The design for the central building in a reimagined Los Angeles County Museum of Art was inspired by the adjacent La Brea tar pits. Seen from above, the structure’s flowing lines resemble a splatter of tar.
But scientists doing the work of recovering fossils from the oozing asphalt aren’t sure they like Swiss architect Peter Zumthor’s homage. They fear the massive construction required to replace four of LACMA’s existing buildings with Zumthor’s structure could upset the science at the tar pits, an active paleontological research site with a rich deposit of Pleistocene-era fossils that draws visitors from around the world.
John Harris, chief curator of the Natural History Museum’s Page Museum, adjacent to LACMA, says Zumthor’s plan so far doesn’t address how to protect the tar pits.
Although groundbreaking would be years off, plans and models for the overhaul are already on display at LACMA’s Resnick Pavilion.

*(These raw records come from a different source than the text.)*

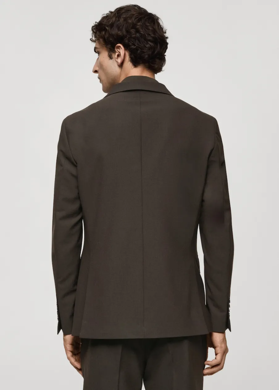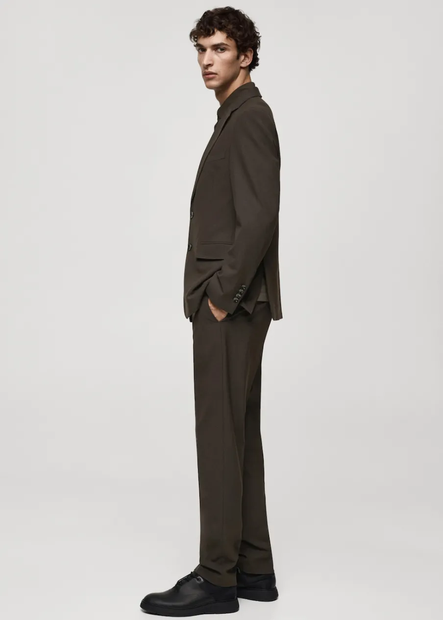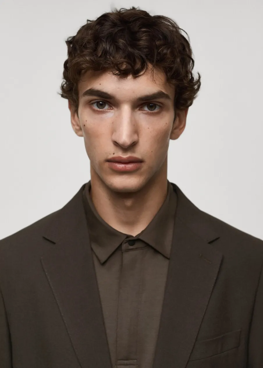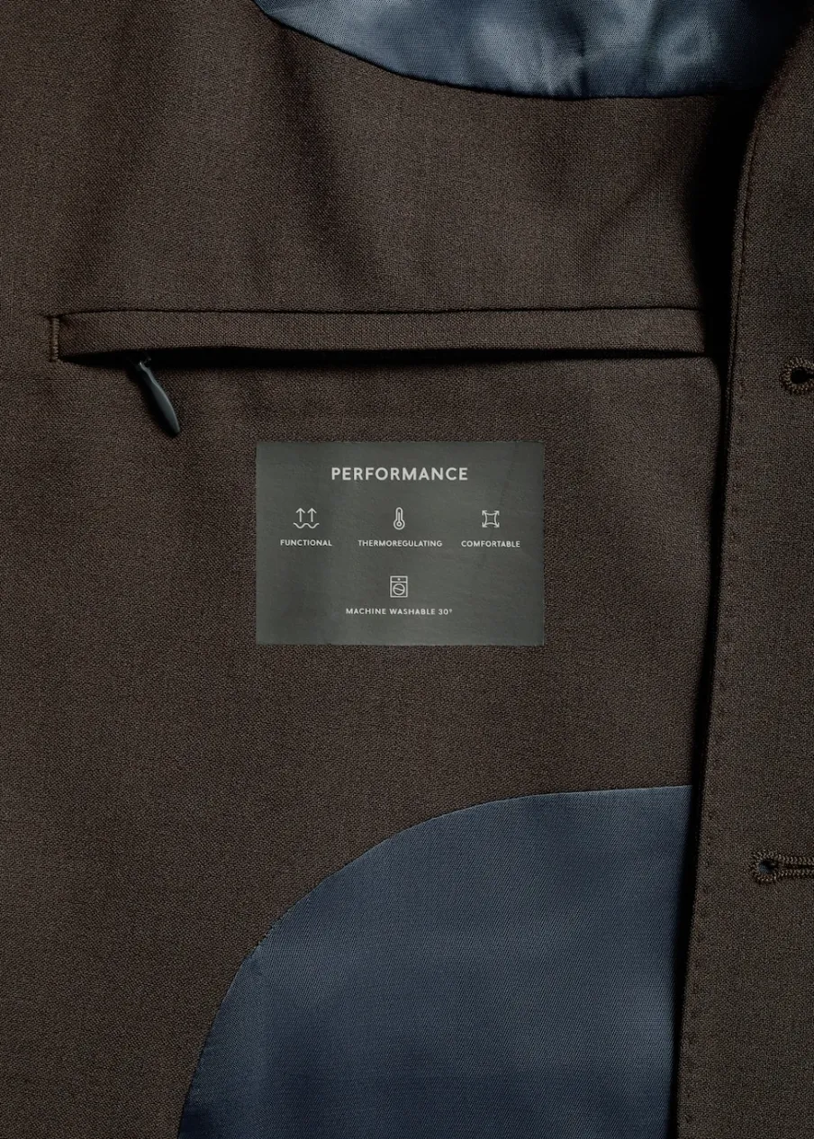 Kolekcja Performance. Tkanina mieszanka wełny. Wrinkle free: niegniotąca się tkanina. Comfort stretch: elastyczna tkanina dla większego komfortu. Slim-fit. Kieszeń wpuszczana na piersi. Dwie kieszenie z patkami z przodu. Kieszenie wewnętrzne. Termoregulacyjna: ta tkanina zapewnia optymalną przepuszczalność powietrza, by utrzymać stałą temperaturę ciała. Można prać w pralce w 30º. Klapy otwarte. Dwie szlice z tyłu. Model ma 190 cm wzrostu i nosi rozmiar 50. Komfort: to ubranie zapewnia pełną swobodę ruchu i odzyskuje swój pierwotny kształt. Zapięcie na guziki z przodu. Długi rękaw z zapięciem na guziki.
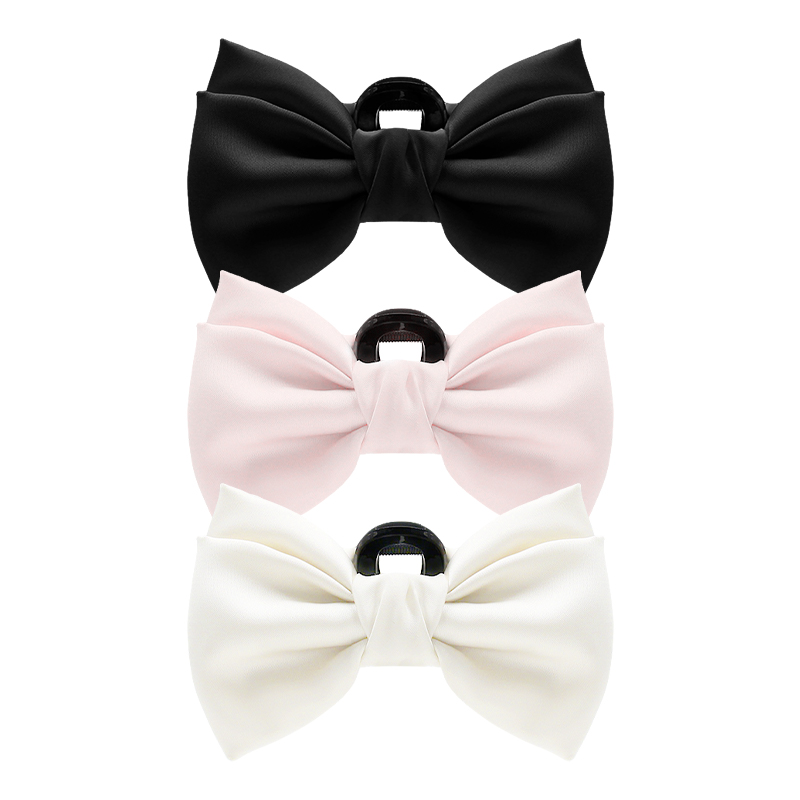 • Structure: Oversized double-layer bow + center wrap + back claw clip
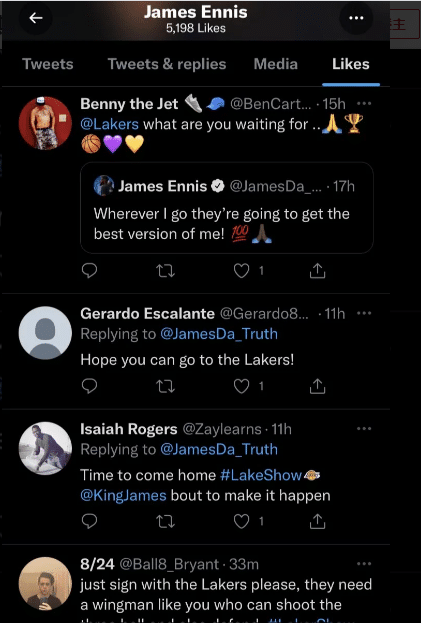 比如说在锋位摇摆人上,曾经被很多球迷视为优质3D球员的恩尼斯昨天点赞了球迷要求湖人签下他的动态,恩尼斯也表态,无论我去哪里打球,他们都将得到最好模式的我。
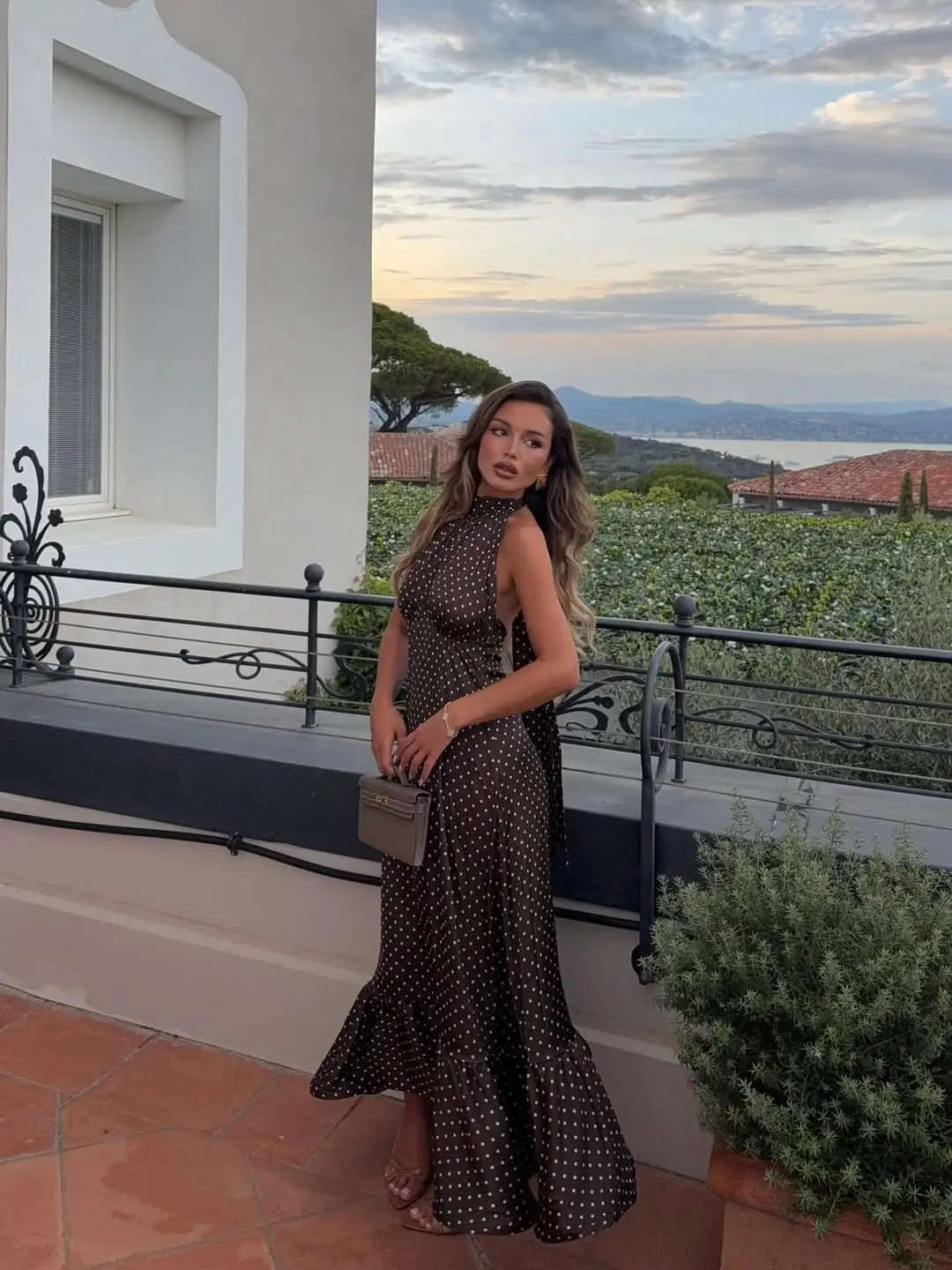 @ mimiarrA flowing chocolate brown halter maxi dress adorned with delicate polka dots creates a soft, feminine silhouette. The fitted bodice and flared hem add graceful movement, making it an effortlessly elegant choice for a spring date night.
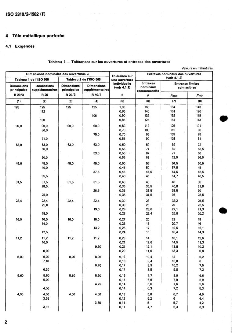 Tableau 2 de I'ISO 565
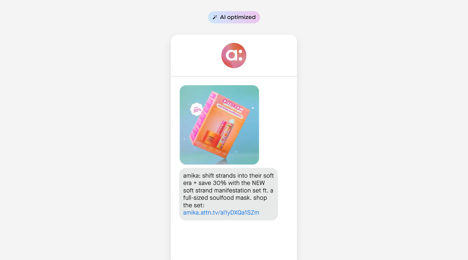 Where email educates and inspires, SMS delivers immediacy and connection. amika® is intentional about its SMS cadence, using the channel for moments that matter most—timely reminders, product drops, VIP access, and two-way engagement.

“If I understand correctly, this would all be under an overhang,” Harris says, gesturing toward the four tar pits closest to the museum’s 1960s-era Hammer building. “It would block off the light, the rain, and that affects the vegetation.”
“The example of how current vegetation and small animals get trapped (in tar) is how we demonstrate to people how this incredible wealth of fossils got here in the first place,” he adds. “It would go from something that’s totally natural to something artificial.”
Jane Pisano, director of the Natural History Museum, has questions about the Zumthor building’s effect on a different area of the tar pits.
The models show that the larger, so-called lake pit to the east of the museum would be shadowed by the cantilevered roof—”subsuming it under LACMA,” says Pisano, who has been unable to get a map that would show a true overlay of the building on the current site. “It would completely change your perspective on the lake pit—and that’s an iconic symbol of the tar pits.”
LACMA director Michael Govan says the models in the exhibition are not unlike sketches, far from final designs.
“Even I know it cantilevers too far,” Govan says of the overhangs. “But all of that would get worked out over the next five years. There’s no intention to impinge on the tar pits in a negative way. The building is emerging as a sort of celebration of the tar pits; it’s meant to magnify the extraordinary natural feature of the site.”
The La Brea tar pits and the Page Museum, which displays more than 1 million Ice Age fossils, have a vaunted reputation among natural historians. “I don’t think there’s a parallel to it anywhere in the world in terms of (fossil) abundance,” says Kirk Johnson, director of the Smithsonian’s National Museum of Natural History in Washington.
In 1986, construction of LACMA’s Japanese Pavilion inadvertently unearthed invertebrate fossils.
In 2006, when the museum built an underground parking garage, 16 fossil deposits were found—bones of bison, horses, camels, saber-toothed cats and a baby mastodon, among others, as well as the museum’s famed mammoth skeleton, nicknamed Zed.
That discovery was fortuitous for the Page. The fossils, embedded in giant chunks of earth, were collected into 23 huge crates—what’s now called “Project 23”—and are the main focus of science being done at the Page. The excavation was paid for by LACMA, which hired the archaeological and paleontological mitigation firm ArchaeoPaleo Resource Management to oversee the salvaging of the fossils and coordinate with the Page.
During construction, however, Zed the mammoth’s skull was accidentally damaged by a bulldozer. Harris wants to make sure similar damage doesn’t happen to fossils that might be unearthed during future construction.
The Page, he points out, is working closely with L.A. County’s Metropolitan Transit Authority on the Purple Line subway extension. With the help of an outside cultural resources management company hired by the MTA, and consultation with the Page, the transit agency plans to start test drilling as early as next month on the southeast corner of Wilshire Boulevard and Ogden Drive to explore the underground landscape—not only gas conditions and earth pressure, but the potential for fossil discovery—says Scott McConnell, director of MTA construction management on the new subway.
“The MTA has plans, several years in the making, about mitigating the fossils they’re almost bound to encounter,” says Harris, the Page curator. “We don’t have enough detailed information right now about the Zumthor project, and that’s concerning.”
Govan must still raise $650 million for the building and its environs, and the Los Angeles County Board of Supervisors must approve the plan. Architectural preservationists may also weigh in about demolishing the current LACMA buildings.
“There are literally thousands of technical issues to be worked out with the Page and on LACMA’s side as well,” Govan says. “But I can’t imagine it would be anything other than a good conversation and that we’d work collaboratively.”
Frank Gehry, who encountered multiple hurdles before his Walt Disney Concert Hall was built, knows how fraught things can get when trying to construct ambitious architecture.
“They’ll go through a bath of fire before it’s done; it’s the reality of building things today,” Gehry says. “But if the architecture is as good as we hope and expect it to be, and if it fits perfectly, as it can, into the culture of the museum and its collections, then it’s going to be fantastic.”